Felizmente, o comunismo está politicamente morto há duas décadas, e nenhum progressista de hoje teria a mais mínima simpatia por absolutamente nenhum aspecto deste regime sanguinário.

Ou não?

Nathalie

outubro 18 2015 Responder

Este ódio é fruto de um pensamento simplista e primitivo espalhado no ensino fundamental de grande parte das escolas e nas faculdades que oferecem disciplinas de administração de empresas na grade, pensamento este que profetiza que com “esforço individual se alcança o sucesso” e de que “o estado nos anos 80 estava inchado e causou toda a crise econômica do terceiro mundo”, que o pobre quer mamar na teta do governo, etc. mas não se ensina q juízes e altos executivos da iniciativa privada, pessoas como todas as outras, ganham muito dinheiro só por terem recebido oportunidades a mais do q o resto da população desafortunada. é um problema d ensino q não tem solução. o negócio é deixar eles implodirem em seu egoismo.

    Newton

    outubro 18 2015 Responder

    Nathalie, obviamente a igualdade de oportunidades é importante, mas o que muitos se esquecem é que ela por si só não é sinônimo de igualdade de sucesso. E para o sucesso, o esforço individual é indispensável.
    Não sei se você studa os estudou em alguma faculdade, mas suponhamos a seguinte situação: você se dedica muito aos estudos, passa noites em claro vendo e revendo as matérias, presta muita atenção nas aulas, logicamente seus esforços serão recompensados através de notas altas. É uma consequência lógica, afinal, você se esforçou, deu o melhor de si mesma, e justamente, mereceu o que recebeu, ninguém pode lhe tirar isso.

    Isto chama-se meritocracia.

    Porém, todos sabemos que existem aqueles que não são exatamente como você: ao invés de estudar com afinco, preferem freqüentar festas (nada contra, afinal, nem só de trabalho vive o homem, rs…), fazer farra com a turma, enfim, o resultado final de seus atos também é previsível.

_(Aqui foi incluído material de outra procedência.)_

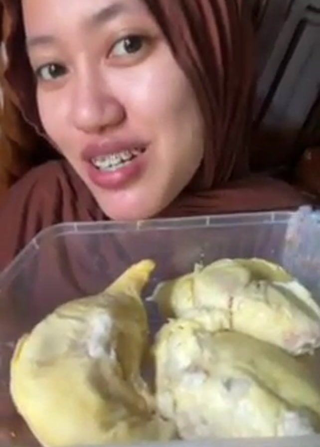 young woman with fair skin, wearing a brown hijab and braces, holding a clear plastic container filled with durian fruit
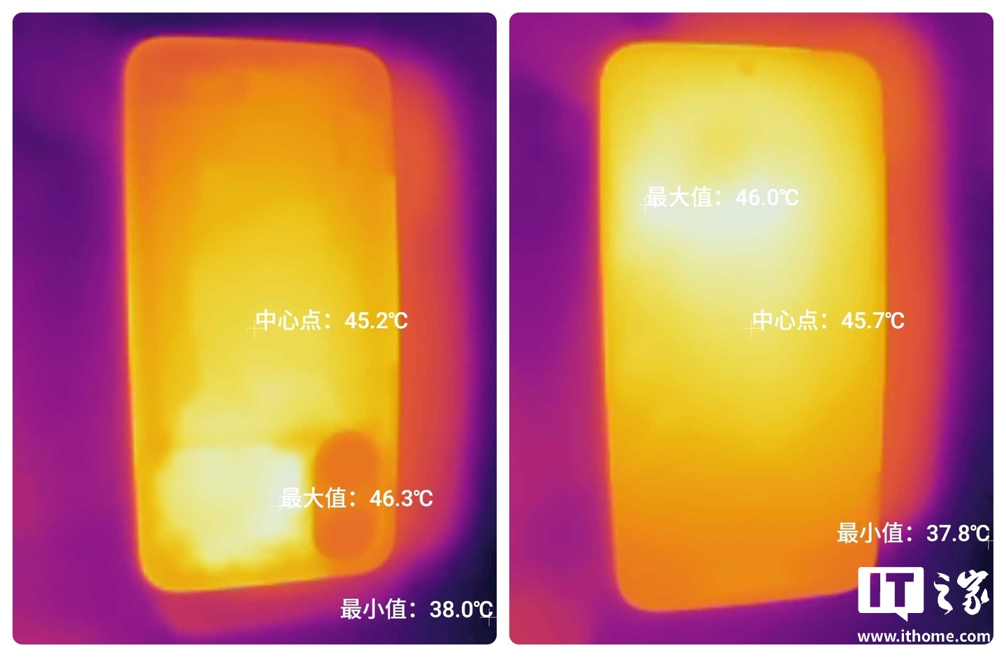 如图所示,30 分钟后,Turbo 5 Max 机身正面最高温达到了 46℃ 以上,背面最高温同样也在 46℃ 以上。

    Agora, certamente, você será aprovada com louvor, enquanto aquela sua amiga….

    Mas sejamos solidários com os amigos: apesar de vocês terem tido as mesmas oportunidades (afinal de contas, conseguiram chegar na mesma faculdade) sua amiga não conseguirá ser aprovada; vamos então, fazer os seguinte: supondo-se que você possui uma nota 10, e sua amiga farrista possua uma nota 3, ajude-a cedendo 3 pontos para ela, assim você fica com 7 e ela com 6, e todos estarão felizes! A justiça foi feita?